§ **Problem details**:
Only the lines from the beginning of the entries through the one that holds "As a result, NAB" may appear in the answer, written out exactly and free of pictures.

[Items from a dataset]

════════════════

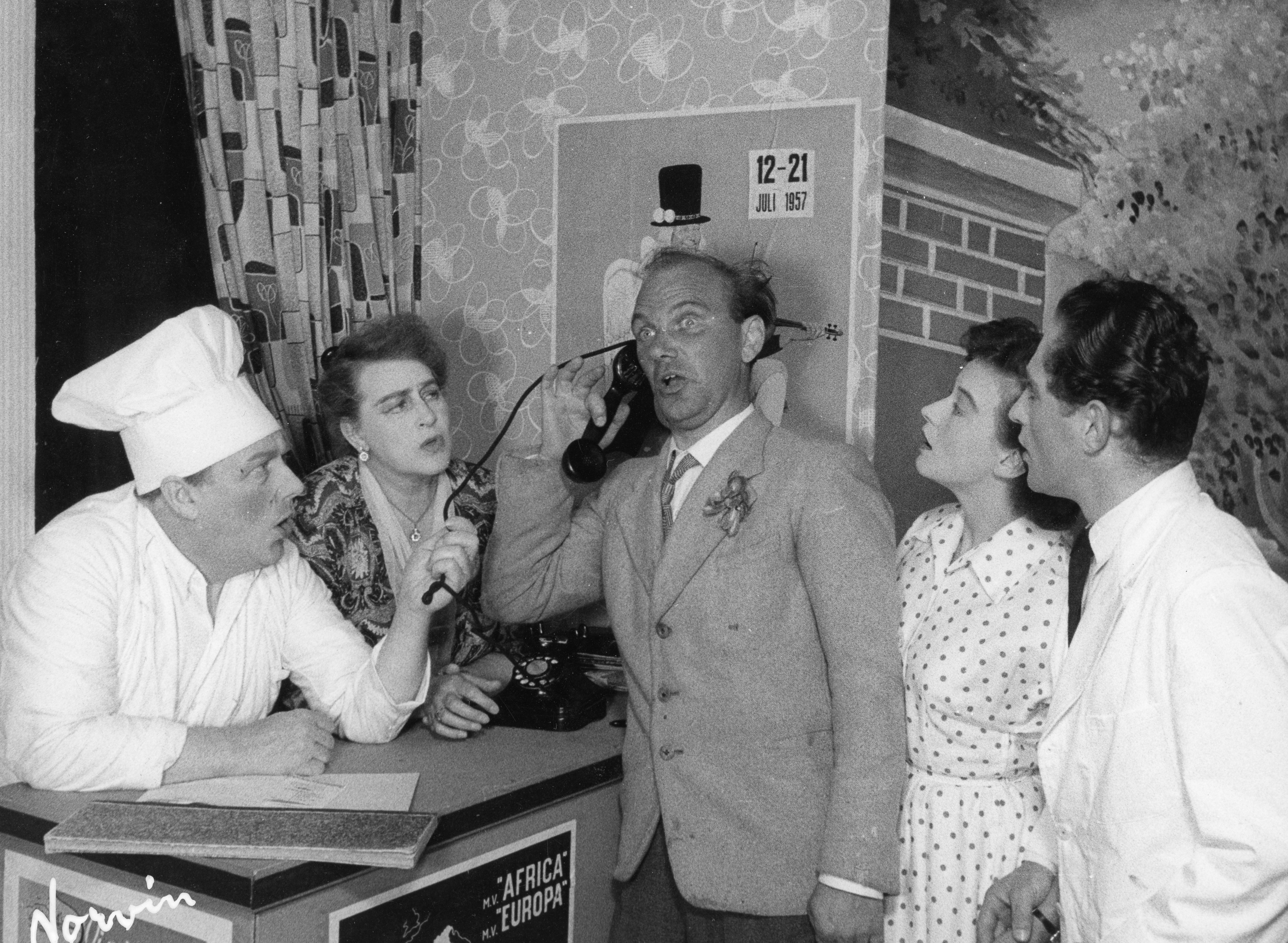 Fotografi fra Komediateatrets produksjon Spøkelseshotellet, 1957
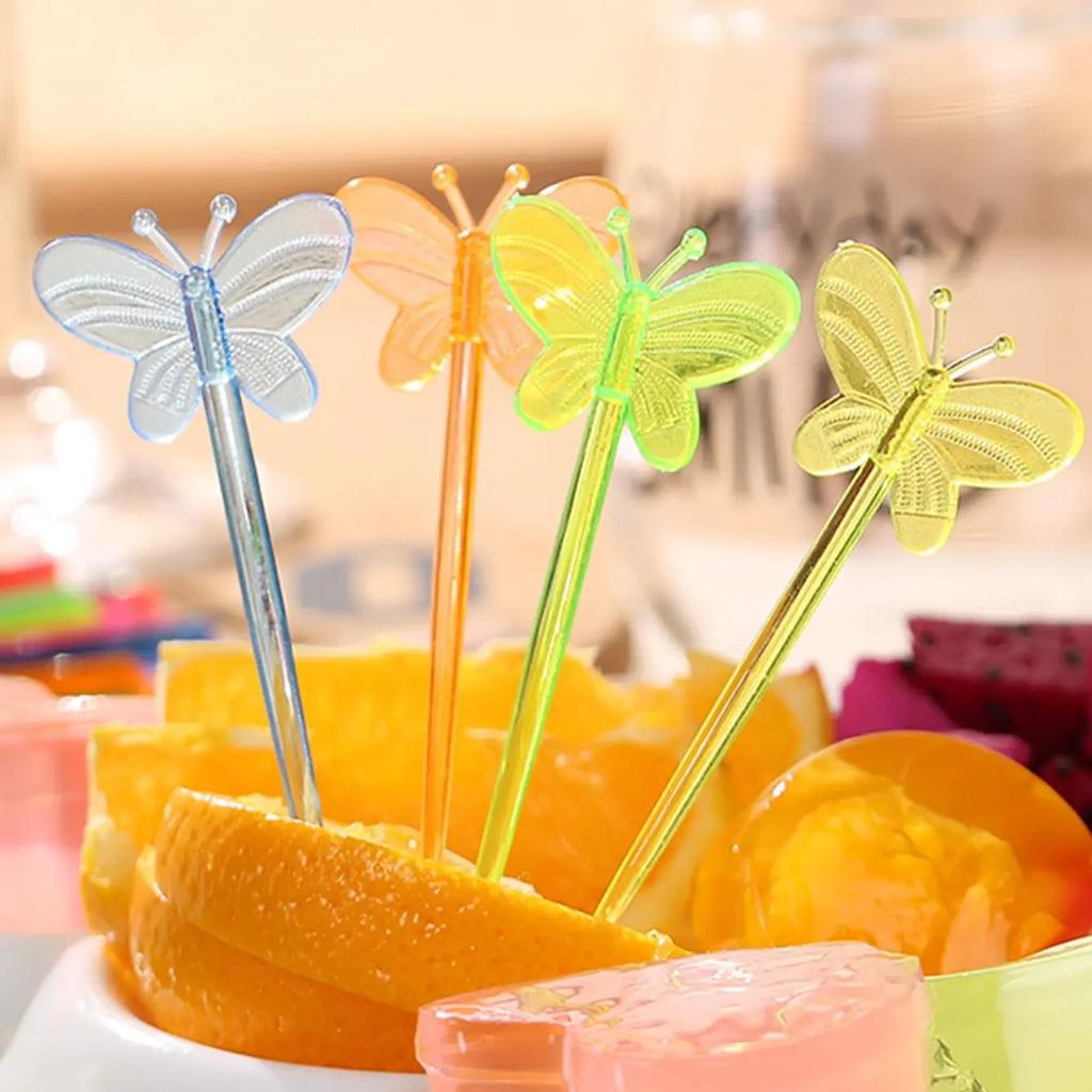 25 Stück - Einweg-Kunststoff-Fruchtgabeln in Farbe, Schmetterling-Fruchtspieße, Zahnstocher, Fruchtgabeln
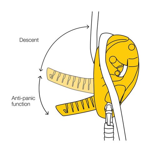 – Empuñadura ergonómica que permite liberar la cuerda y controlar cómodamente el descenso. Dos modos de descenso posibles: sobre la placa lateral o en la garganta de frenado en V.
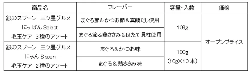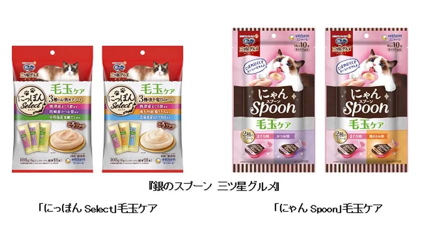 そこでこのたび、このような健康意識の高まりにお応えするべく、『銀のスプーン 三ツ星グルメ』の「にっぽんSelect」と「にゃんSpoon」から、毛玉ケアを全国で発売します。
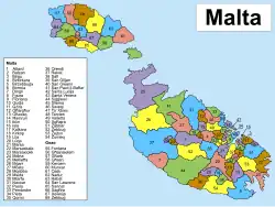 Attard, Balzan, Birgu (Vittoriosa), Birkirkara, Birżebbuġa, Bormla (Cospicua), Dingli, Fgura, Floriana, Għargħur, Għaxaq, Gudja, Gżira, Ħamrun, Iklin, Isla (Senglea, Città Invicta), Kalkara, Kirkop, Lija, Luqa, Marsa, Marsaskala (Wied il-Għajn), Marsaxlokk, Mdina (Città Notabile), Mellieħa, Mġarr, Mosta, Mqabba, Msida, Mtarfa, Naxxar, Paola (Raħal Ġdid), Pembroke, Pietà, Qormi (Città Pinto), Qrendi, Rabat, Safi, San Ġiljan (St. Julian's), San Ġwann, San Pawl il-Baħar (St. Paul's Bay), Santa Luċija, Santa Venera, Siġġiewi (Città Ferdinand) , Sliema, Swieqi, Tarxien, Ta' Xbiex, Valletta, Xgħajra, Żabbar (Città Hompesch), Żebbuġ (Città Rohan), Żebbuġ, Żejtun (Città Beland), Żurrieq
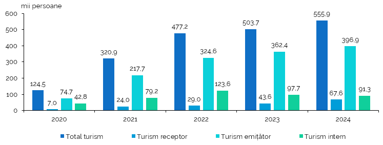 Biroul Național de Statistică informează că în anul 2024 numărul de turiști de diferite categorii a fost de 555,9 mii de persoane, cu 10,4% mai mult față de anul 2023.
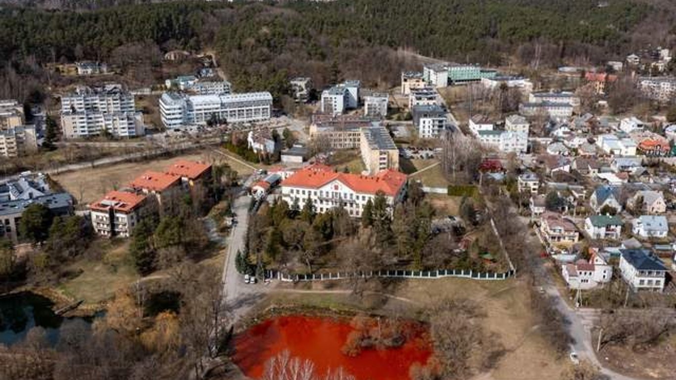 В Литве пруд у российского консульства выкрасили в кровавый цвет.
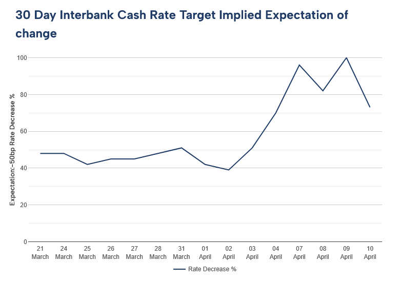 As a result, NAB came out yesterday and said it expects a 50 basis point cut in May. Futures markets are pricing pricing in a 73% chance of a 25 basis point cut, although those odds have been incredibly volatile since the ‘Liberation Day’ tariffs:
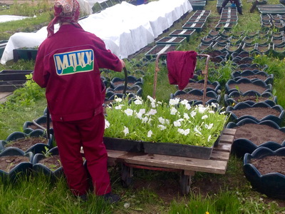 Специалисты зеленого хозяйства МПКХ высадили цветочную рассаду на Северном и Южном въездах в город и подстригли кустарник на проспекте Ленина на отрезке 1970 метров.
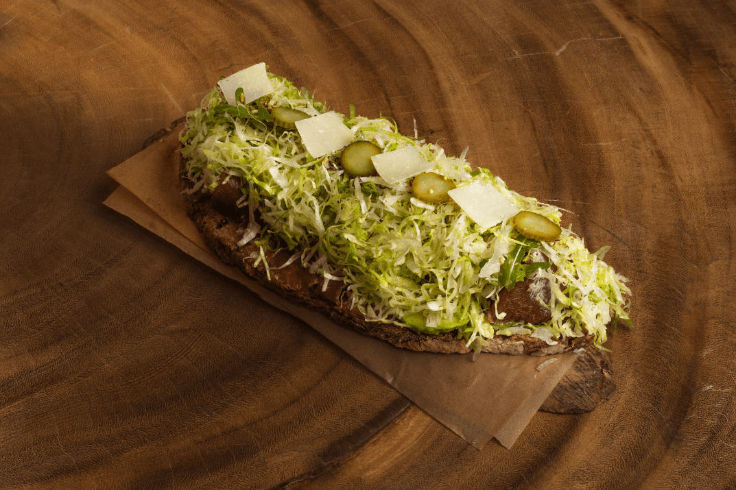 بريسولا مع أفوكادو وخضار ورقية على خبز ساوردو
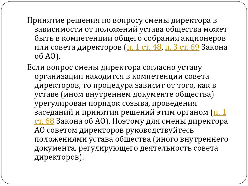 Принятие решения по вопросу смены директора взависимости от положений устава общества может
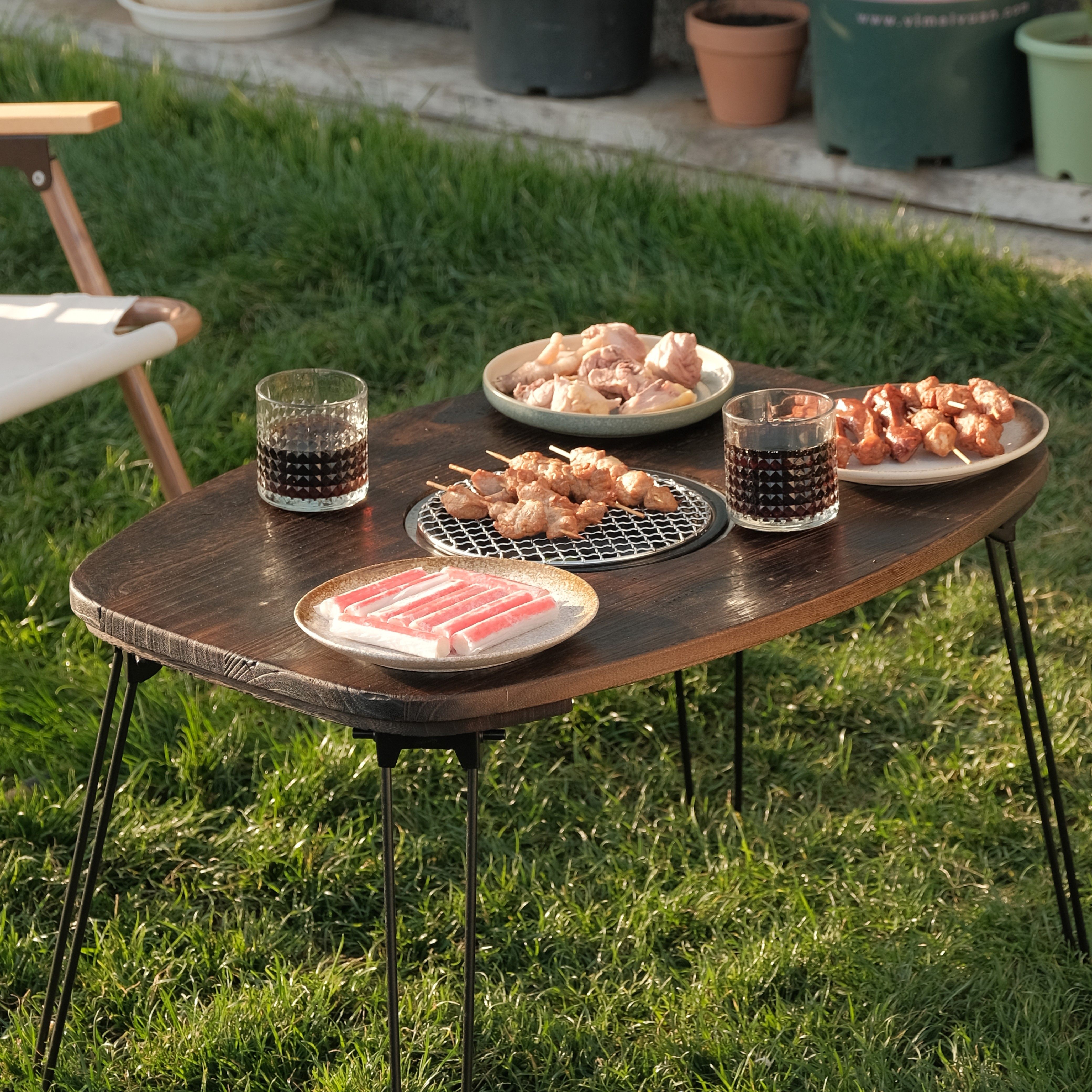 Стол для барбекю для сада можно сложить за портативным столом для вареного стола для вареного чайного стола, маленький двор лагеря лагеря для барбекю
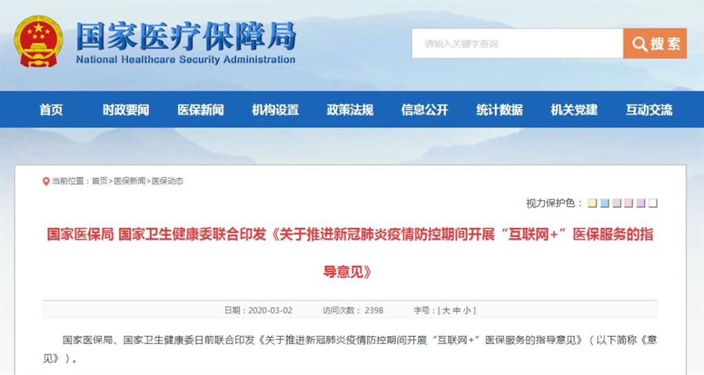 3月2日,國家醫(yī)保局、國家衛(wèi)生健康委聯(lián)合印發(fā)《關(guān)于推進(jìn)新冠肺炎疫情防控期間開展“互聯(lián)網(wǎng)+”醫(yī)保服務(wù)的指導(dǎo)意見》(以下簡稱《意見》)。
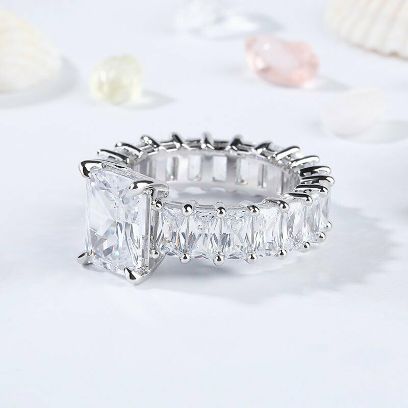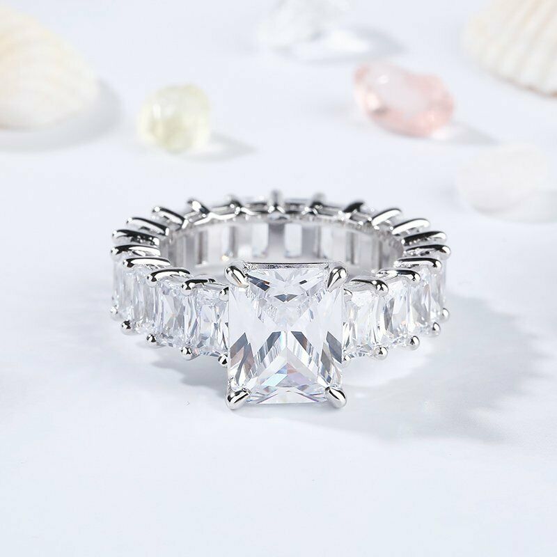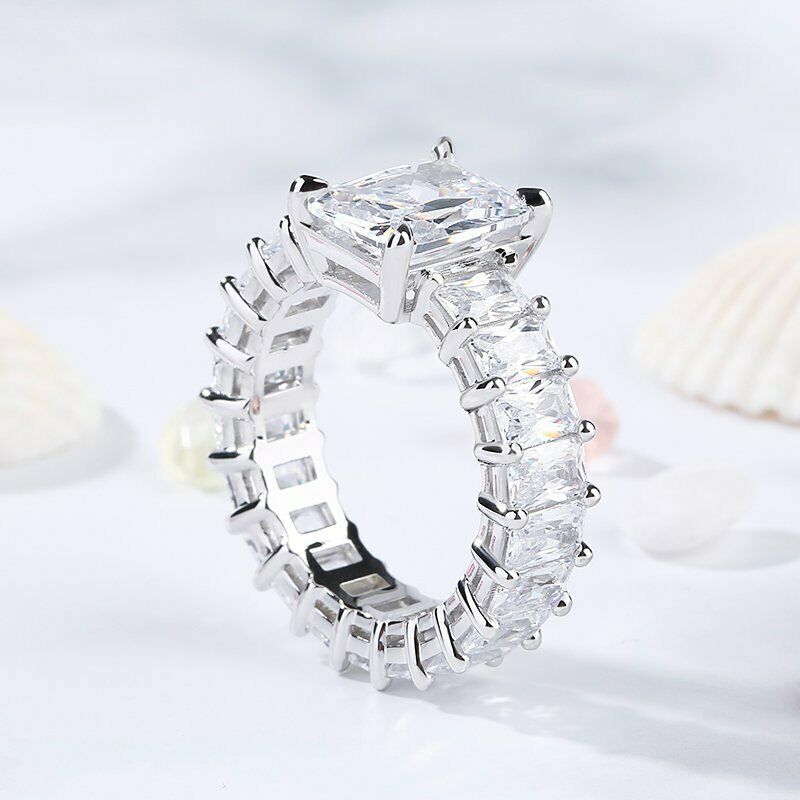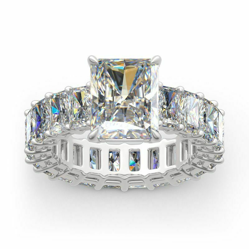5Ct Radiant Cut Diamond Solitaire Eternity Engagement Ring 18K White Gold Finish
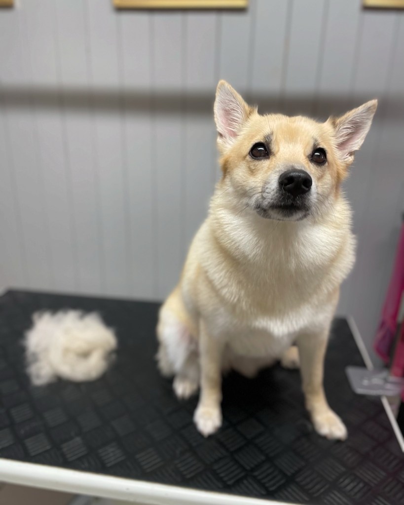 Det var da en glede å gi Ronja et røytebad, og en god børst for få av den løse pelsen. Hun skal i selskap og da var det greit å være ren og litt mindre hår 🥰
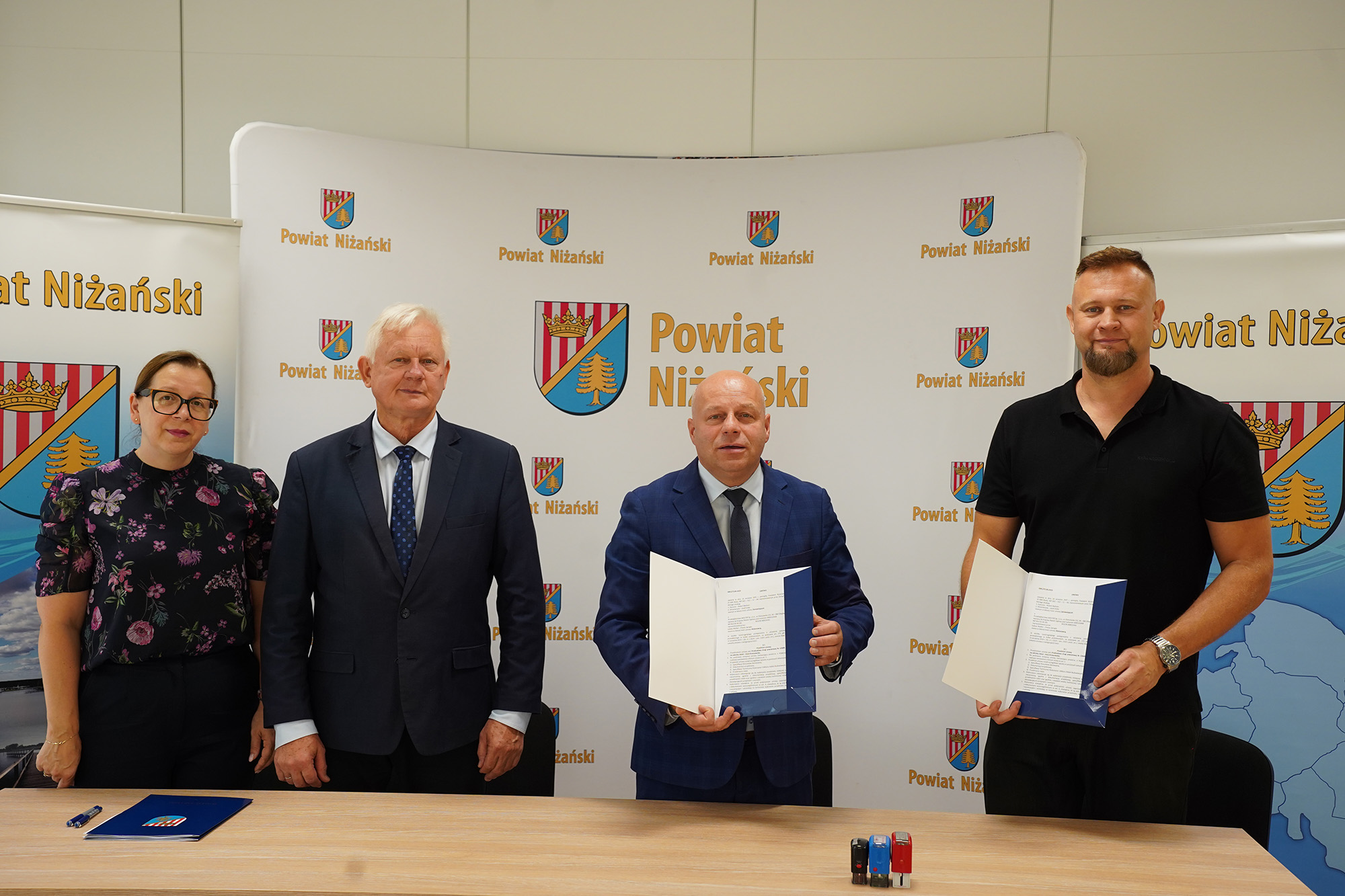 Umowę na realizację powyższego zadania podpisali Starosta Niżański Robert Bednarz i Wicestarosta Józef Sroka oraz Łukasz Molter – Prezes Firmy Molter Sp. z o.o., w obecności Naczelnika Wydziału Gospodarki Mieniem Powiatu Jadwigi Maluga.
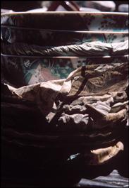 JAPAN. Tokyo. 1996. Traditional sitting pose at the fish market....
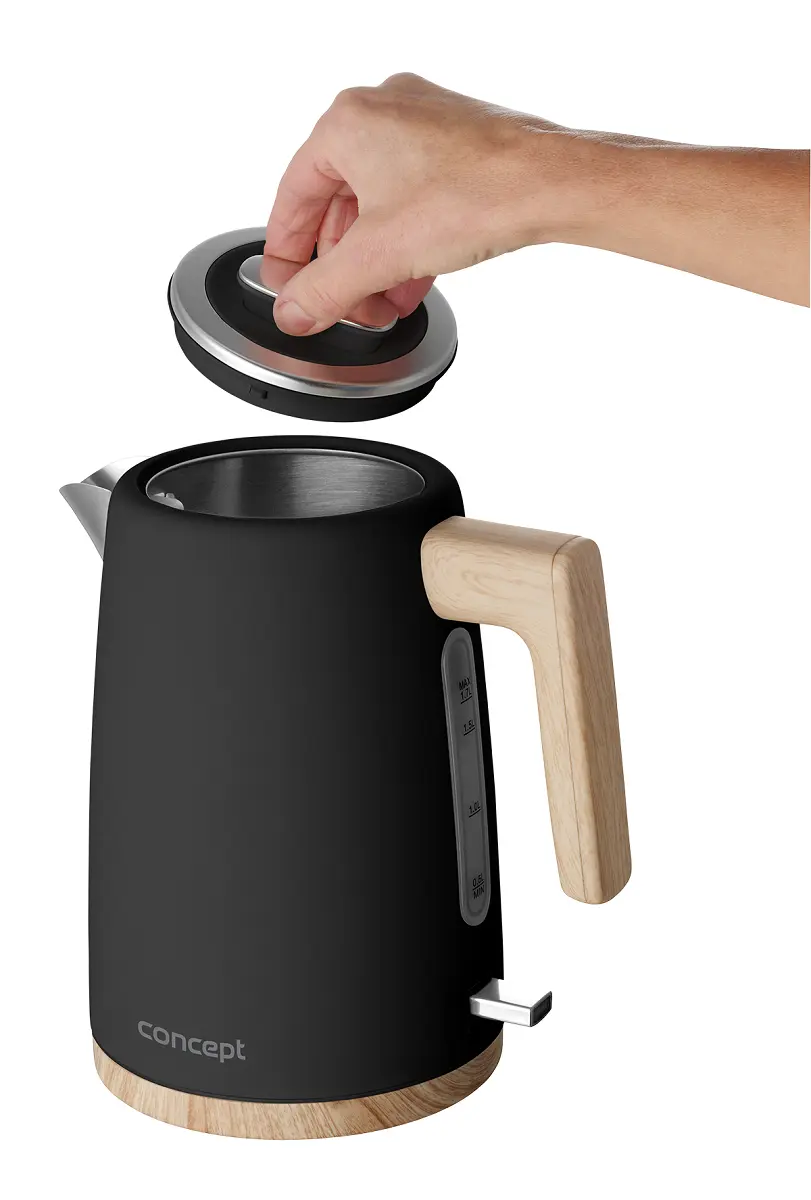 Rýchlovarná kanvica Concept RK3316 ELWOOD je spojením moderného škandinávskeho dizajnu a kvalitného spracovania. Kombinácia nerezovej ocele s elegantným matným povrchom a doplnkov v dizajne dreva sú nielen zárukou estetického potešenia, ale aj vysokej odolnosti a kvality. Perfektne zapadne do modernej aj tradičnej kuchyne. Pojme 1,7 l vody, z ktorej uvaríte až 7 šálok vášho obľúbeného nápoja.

════════════════

§ **Reply**:
 Fotografi fra Komediateatrets produksjon Spøkelseshotellet, 1957
 25 Stück - Einweg-Kunststoff-Fruchtgabeln in Farbe, Schmetterling-Fruchtspieße, Zahnstocher, Fruchtgabeln
 – Empuñadura ergonómica que permite liberar la cuerda y controlar cómodamente el descenso. Dos modos de descenso posibles: sobre la placa lateral o en la garganta de frenado en V.
 そこでこのたび、このような健康意識の高まりにお応えするべく、『銀のスプーン 三ツ星グルメ』の「にっぽんSelect」と「にゃんSpoon」から、毛玉ケアを全国で発売します。
 Attard, Balzan, Birgu (Vittoriosa), Birkirkara, Birżebbuġa, Bormla (Cospicua), Dingli, Fgura, Floriana, Għargħur, Għaxaq, Gudja, Gżira, Ħamrun, Iklin, Isla (Senglea, Città Invicta), Kalkara, Kirkop, Lija, Luqa, Marsa, Marsaskala (Wied il-Għajn), Marsaxlokk, Mdina (Città Notabile), Mellieħa, Mġarr, Mosta, Mqabba, Msida, Mtarfa, Naxxar, Paola (Raħal Ġdid), Pembroke, Pietà, Qormi (Città Pinto), Qrendi, Rabat, Safi, San Ġiljan (St. Julian's), San Ġwann, San Pawl il-Baħar (St. Paul's Bay), Santa Luċija, Santa Venera, Siġġiewi (Città Ferdinand) , Sliema, Swieqi, Tarxien, Ta' Xbiex, Valletta, Xgħajra, Żabbar (Città Hompesch), Żebbuġ (Città Rohan), Żebbuġ, Żejtun (Città Beland), Żurrieq
 Biroul Național de Statistică informează că în anul 2024 numărul de turiști de diferite categorii a fost de 555,9 mii de persoane, cu 10,4% mai mult față de anul 2023.
 В Литве пруд у российского консульства выкрасили в кровавый цвет.
 As a result, NAB came out yesterday and said it expects a 50 basis point cut in May. Futures markets are pricing pricing in a 73% chance of a 25 basis point cut, although those odds have been incredibly volatile since the ‘Liberation Day’ tariffs:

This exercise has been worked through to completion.